Because I have been in both. not by choice but because I had to.
School and being indoors for so long was really difficult for me.
because when I grew up my family was very abusive but I lived in the boonies so the woods became my second home.
I built shelter to keep bullies out and me safe and it worked..

My father asshole that he was taught me native skills that serves me to this day,wild foraging,remedies from plants,how to build shelters,start fire,tan hides,dry foods, hunt,even make hunting weapons /traps and use them to catch rabbits fish ect.. I can survive as a hunter gatherer pretty much if I had to. And I thank him for this training. Even tho I still hate what he did to me..I can remember in the areas around our house in the outside suburbs there was fields and woods and that's where a large part of my time was spent,in the summer spring fall and sometimes winter too..

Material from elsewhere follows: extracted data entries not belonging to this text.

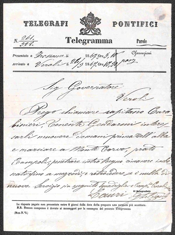 Telegrafi Pontifici - 1867 (24 marzo) - Ordine di Servizio da Frosinone a Veroli
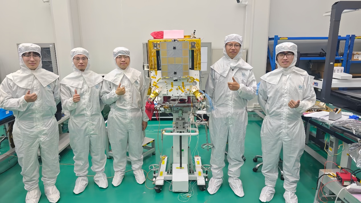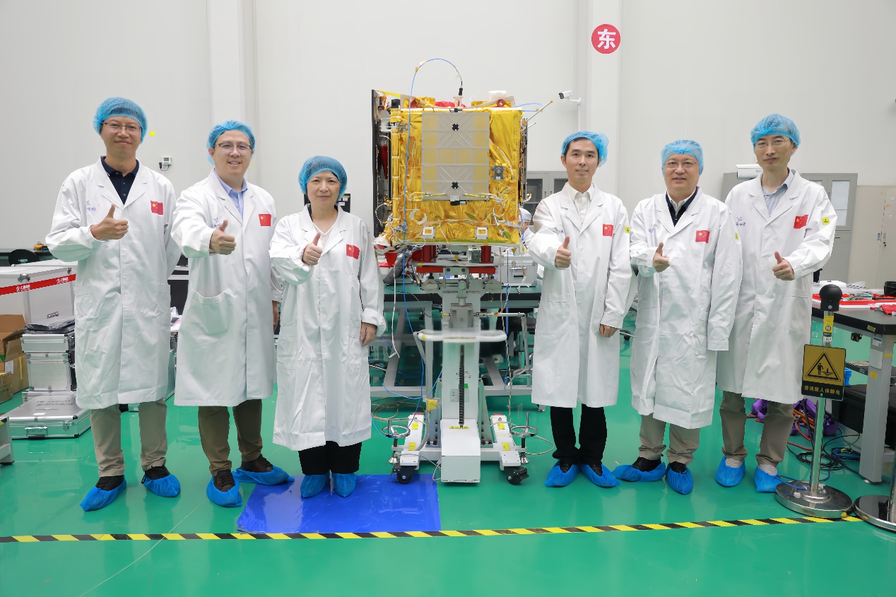 今年6月13日,卫星出征前,华东师大党委书记梅兵来到卫星总装测试现场,向以廉鹏飞研究员及员工代表组成的试验队授旗,以特别能吃苦、特别能战斗、特别能攻关、特别能奉献的载人航天精神勉励团队,攻坚克难、精益求精,确保发射任务万无一失。
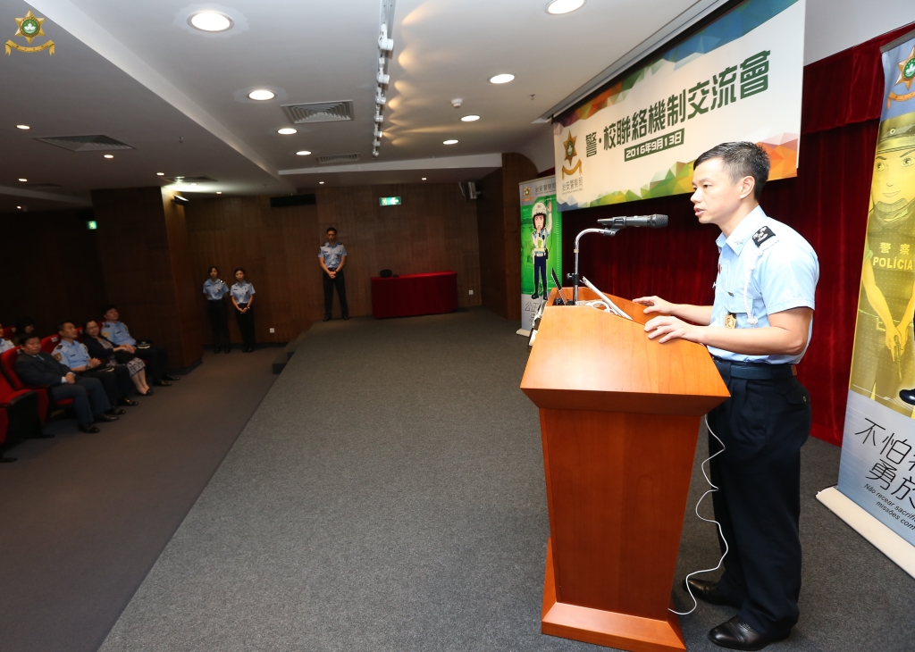 關啓榮代副局長致辭時表示,治安警察局一向重視全澳學生的健康發展,當中預防校園犯罪為治安警察局的重點工作,要解決校園犯罪問題,必須從教育、輔導及預防工作上着手,而家庭、學校及警方三方相互配合才可事半功倍。治安警察局積極與各間學校保持緊密聯繫和合作,恆常派遣警官拜訪各間學校與校方互通警情,將與學生有關的犯罪訊息及最新的防罪資訊傳遞給學校,並聽取校方有關校內及學校周邊範圍的治安訴求,制定針對性的打擊犯罪措施。另外亦於校園內外推廣防罪宣傳教育工作,因應不同年齡層的學生舉辦各種不同主題的防罪教育講座或活動,向學生灌輸防罪滅罪及守法意識。校方亦一直積極配合警方開展相關工作,盼望日後雙方繼續保持密切溝通和合作。
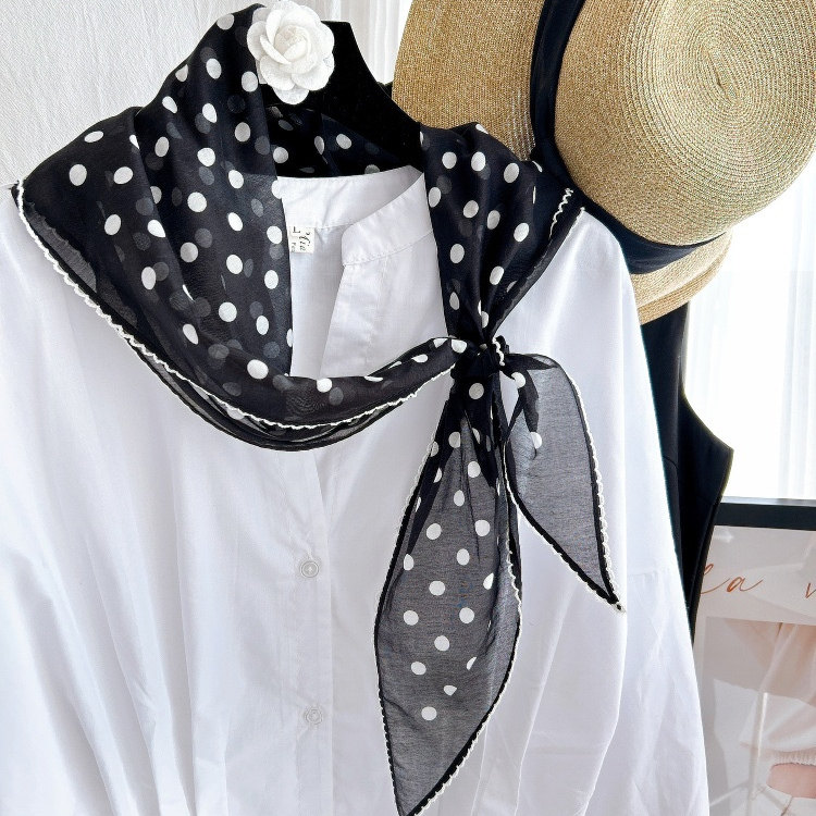 55棉质小方巾丝巾女春秋柔软透气百搭清新波点装饰领巾头巾薄围巾
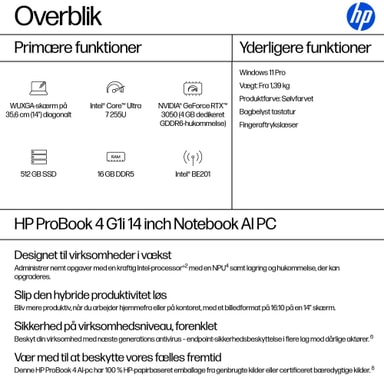 HP ProBook 4-Notebook G1ipå 14" giver virksomheder i vækst ydeevne i erhvervsklassen, avanceret endpoint-sikkerhed i flere lag[6] og robusthed i et design, der nemt kan opgraderes. Den funktionsrige pc, der er drevet af den nyeste Intel-processor[2] med 11 TOPS NPU[4] og lang batteritid, er fremtidssikret til langsigtet produktivitet og AI.
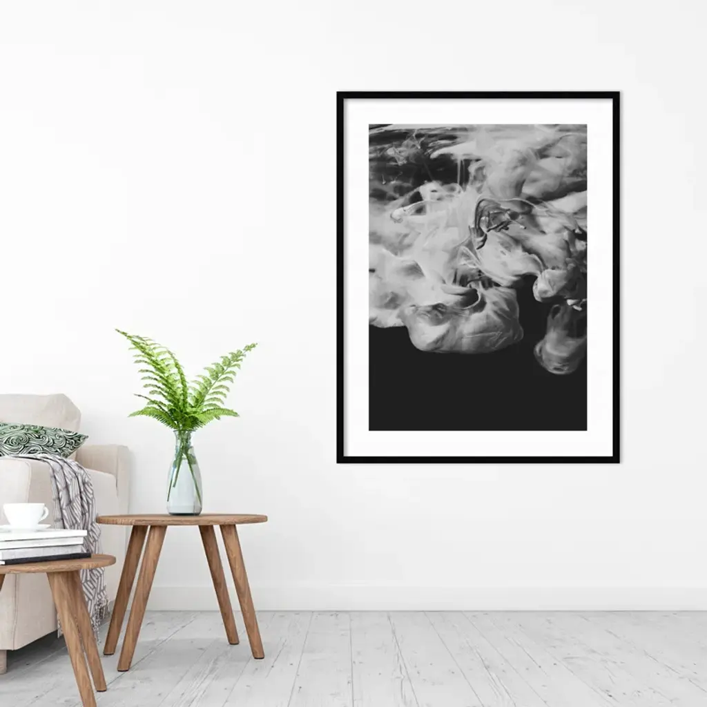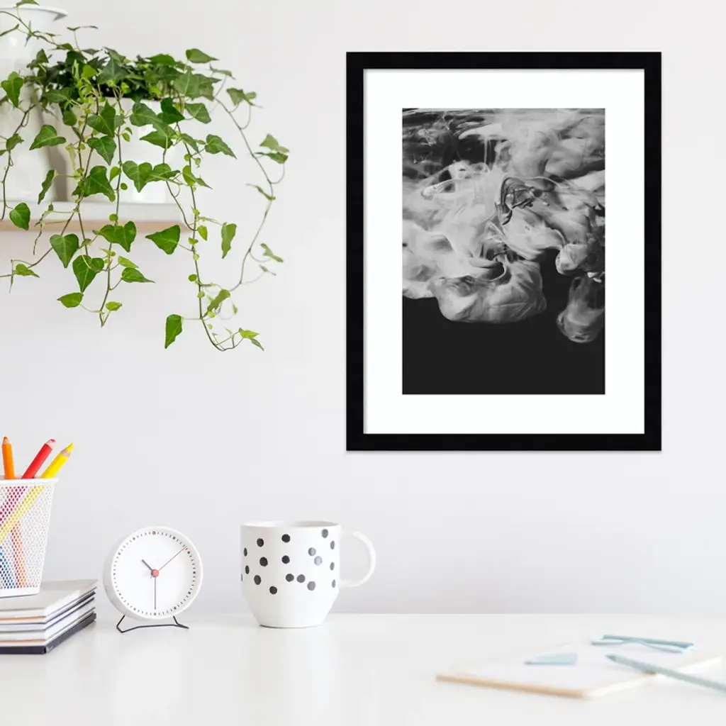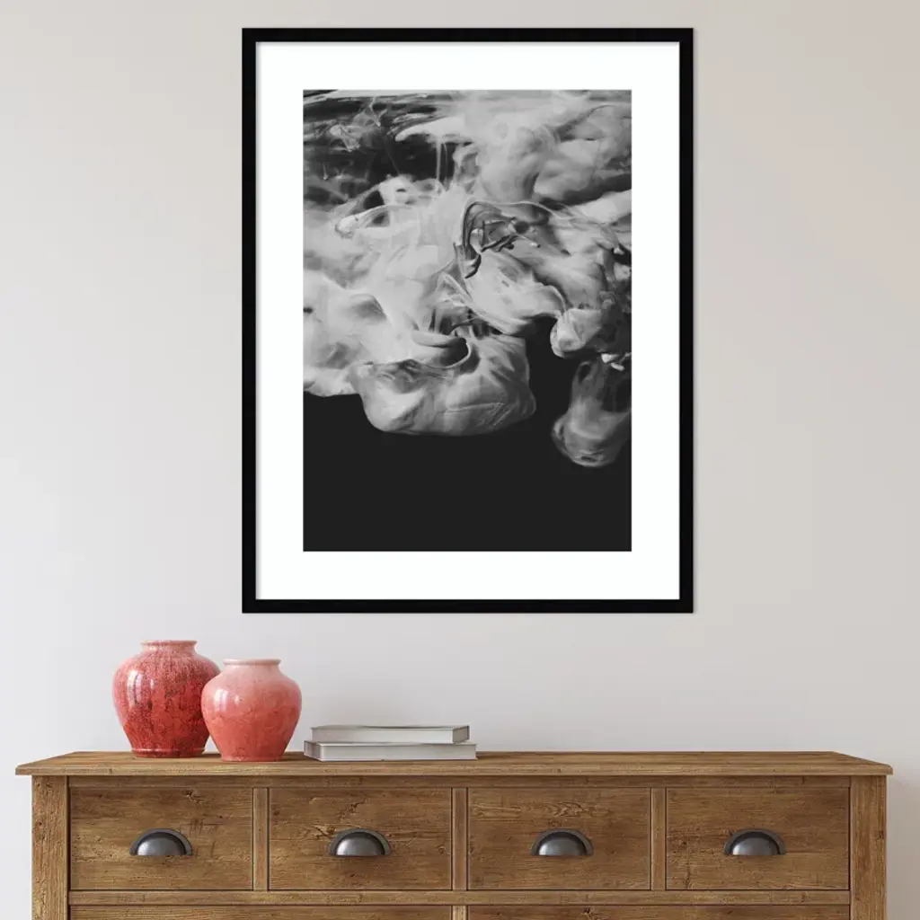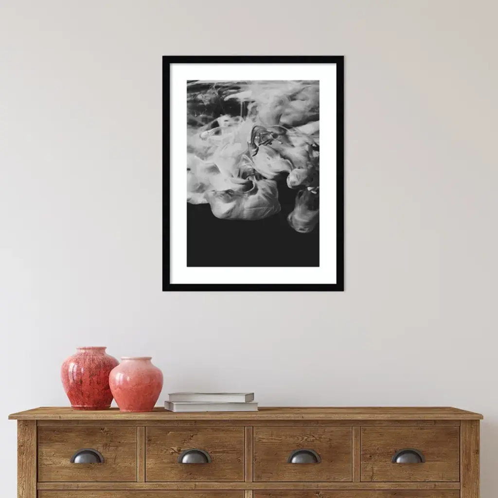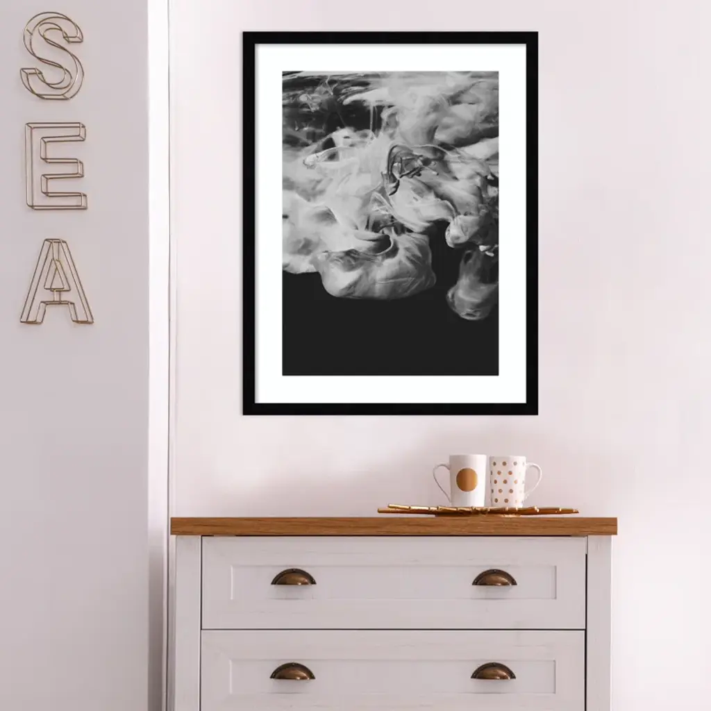 Freeze-frame. Capturing a split-second swirl of ink in water, this black-and-white photographic print invites a moment of stillness – and a closer look. It’s printed on premium paper with fade-resistant inks, mounted to a rigid backer, and framed in solid wood with a gallery-quality acrylic cover. Ready to hang.
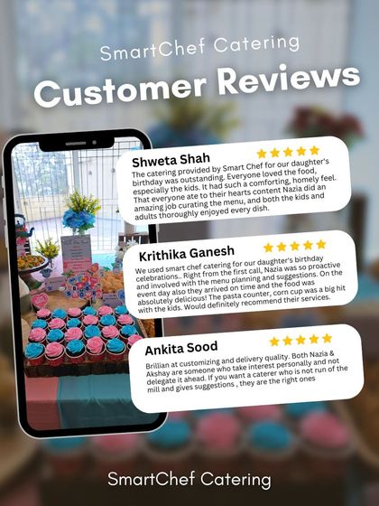 Hey, we’re Nazia and Akshay, the duo behind Smart Chef Catering. Food’s our love language, honestly. Give us your wildest party idea, and we’ll run with it—especially if it’s a kid’s theme like Avengers or Frozen (those grazing tables, pure magic). We once made a nervous birthday girl super happy, and that’s what keeps us going. If you want food that people remember, we’re all in. Our clients’ smiles? That’s the real deal for us.
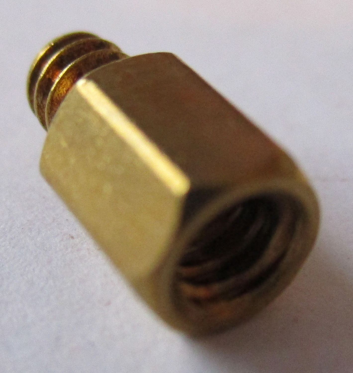 NEW This brass threaded stand-off is 3/8″ long. The outside threaded area is 1/8″ long with a 6-32 thread size. This stand-off is sold as a package of 13. The manufacturer and part number are unknown.
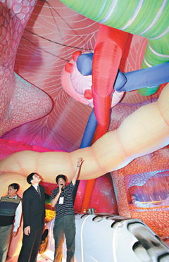 記者先走入“格列佛人體藝術(shù)探索館”一探究竟,從巨大的腳掌進(jìn)入,首先映入眼簾是大腿骨和腳掌骨,充滿普普藝術(shù)的彩繪風(fēng)格;創(chuàng)意團(tuán)隊將小腸化身為LED燈的迷宮隧道,還能看到跳動的心臟,利用氣球制造肺部呼吸頻率,栩栩如生。
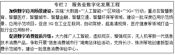 拓展服务业数字化应用。培育壮大人工智能、大数据、区块链、云计算、网络安全等新兴数字产业,重点在智慧城市、智慧工厂、智慧交通、智慧环保等领域塑造应用场景,推动典型场景和垂直行业的融合应用。开展新型智慧城市、智慧县域试点示范,建设“城市大脑”通用平台,提升城市交通、公共安全、民生服务、城市管理等智慧应用水平。发展人工智能+5G+工业互联网+产业融合创新智慧工厂应用场景,实现生产设备网络化、生产数据可视化、生产过程透明化、生产现场无人化。依托国家智能网联汽车(长沙)测试区、长株潭智能城际磁悬浮交通系统试验与示范基地,推进智能网联数据平台、智能车辆和设备研发、智能公交体系建设,着力发展智能网联汽车、智能轨道交通等应用场景。围绕洞庭湖区生态保护、矿山资源回收利用等,发展智慧旅游、智慧生态、智慧矿山应用场景,实现生态环境情况自动检测、智能监测、智能控制与智慧调度。促进共享经济、平台经济健康发展。
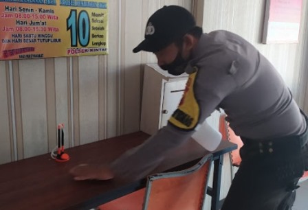 Ruang pelayanan publik adalah area yang rawan terjadi penyebaran covid-19, kesiapsiagaan anggota dalam mengantisipasi penyebaran covid-19 selalu dilakukan penyemprotan secara rutin baik pada gagang pintu, meja, kursi, yang sering dipegang oleh masyarakat saat datang ke Polsek Kintap.
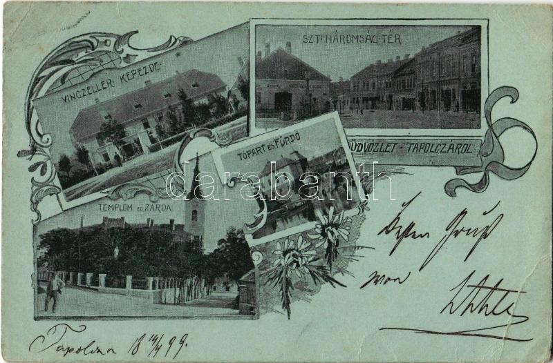 1899 Tapolca, Tapolcza; Vincellér képezde, iskola, Szentháromság tér, nagyvendéglő, étterem, üzletek, Templom és zárda, Tópart és fürdő. Art Nouveau, floral (EB)
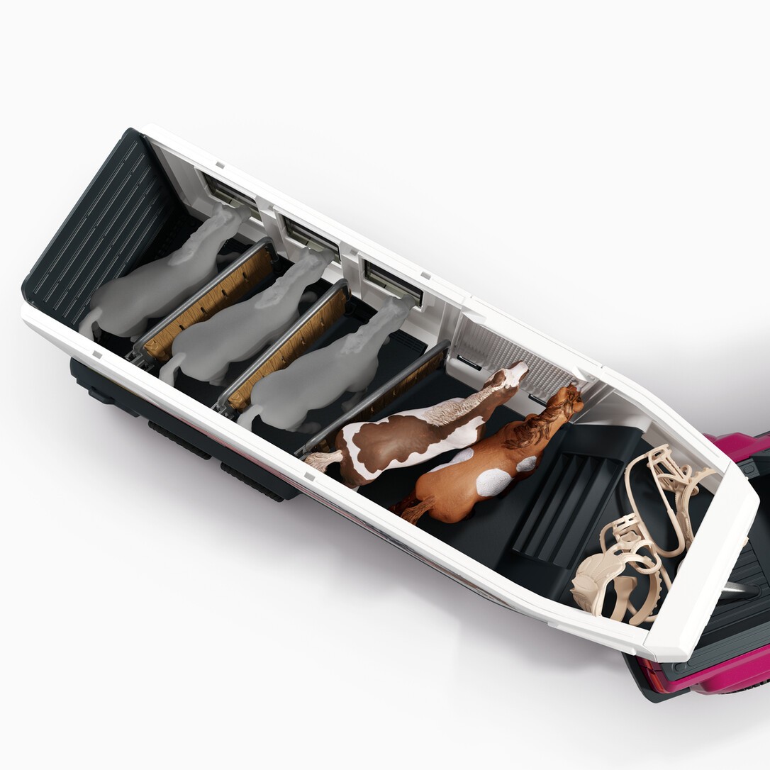 Der coole Lakeside Truck mit dem großen Anhänger ist mal wieder unterwegs. Hannah und Mr. Kramer freuen sich schon: Sie fahren zu einem Western-Abenteuer mit dem Quarter Horse Hengst und dem Paint Horse Wallach. Am Morgen haben sie den coolen Dually Truck mit den breiten Doppelreifen mit Sätteln, Zaumzeug, Striegel, Kardätsche, Eimer und Wasserschlauch beladen, damit sie ihre zwei Pferde vor dem Event noch putzen können. Für sich selbst haben sie passend die Cowboy-Hüte eingesteckt. Unterwegs werden sie eine Rast einlegen. Wie praktisch, dass das Dach des Anhängers auch als Unterstand genutzt werden kann. Hannah hat außerdem ein paar Barrels mit Stangen eingepackt. Vor dem Western-Abenteuer hat sie nämlich ein Training eingeplant. Die Labrador Retriever Hündin ist auch mit von der Partie. Auch für sie ist im Anhänger noch genügend Platz. Darin können bis zu fünf Pferde transportiert werden! Yee-haw das Western-Abenteuer kann kommen!
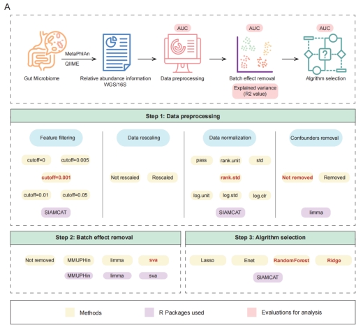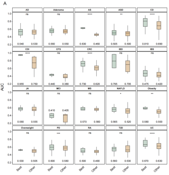 肠道菌群在维系人体健康中扮演着重要作用,与多种疾病的发生和发展息息相关,越来越多的研究基于肠道微生物构建机器学习模型进行疾病诊断。然而,机器学习模型的构建有许多可选择的步骤和可使用参数,不同疾病的诊断模型也呈现出差异极大的性能。此外,过去的研究并未全面的纳入多种疾病进行比较。因此,通过组合不同建模步骤和选择参数来构建一套适用于多种疾病且性能优异的最佳建模流程是一项亟待完成的工作。
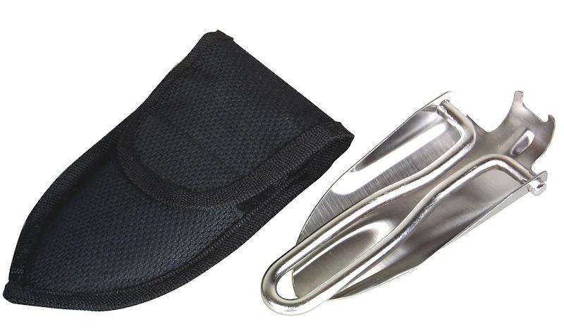 - Diese Mini-Faltschaufel kann zusammengeklappt im stabilen Cordura-Etui transportiert werden. Das Etui hat eine Gürtelschlaufe.
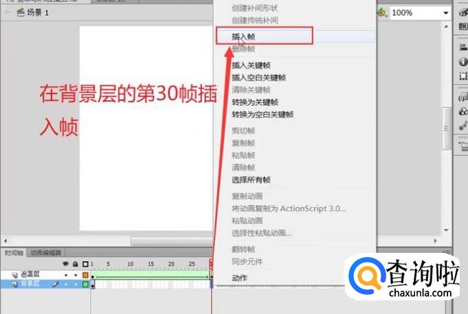 然后在背景层的第30帧的地方右键单击选择插入帧选项,如下图所示
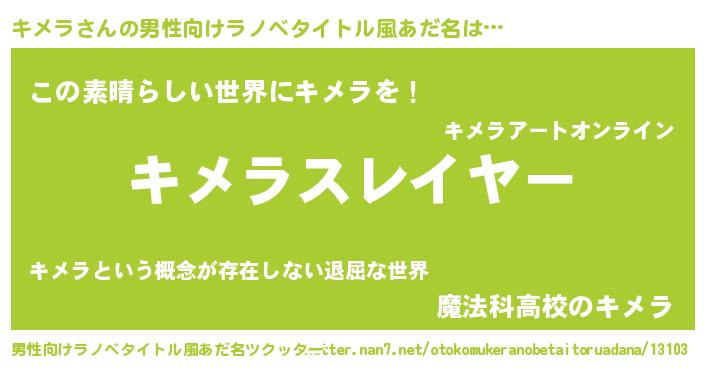| 意味不明あだ名 | 『めかぶ科キメラ属』『自称キメラ』 |

I ate tons of wild raspberries mulberries wine berries,and other plants,during my teen years and younger ages. I ate wild food because it was too dangerous to go into my house and eat from the fridge,my father was violent drunk.I still go out"gathering" or catch a rabbit and spent an hour or so skinning it and roasting it.

Old habits die hard..when I come home from scouring the roadsides and vacant lots, I come home with with pounds and pounds of absolutely no cost to me.. raspberries,blackberries,wild cherries,mulberries white and black ones,even in fall,I found a tree of persimmons hidden among prickle bushes on a vacant field in a business park,near the edge of the tree line where they don't mow.All the fruits I get are,better tasting than supermarket fruits,like the hothouse raspberries that cost 3 dollars and up wards for like 3 handfuls in a little box where half are crushed and some are moldy.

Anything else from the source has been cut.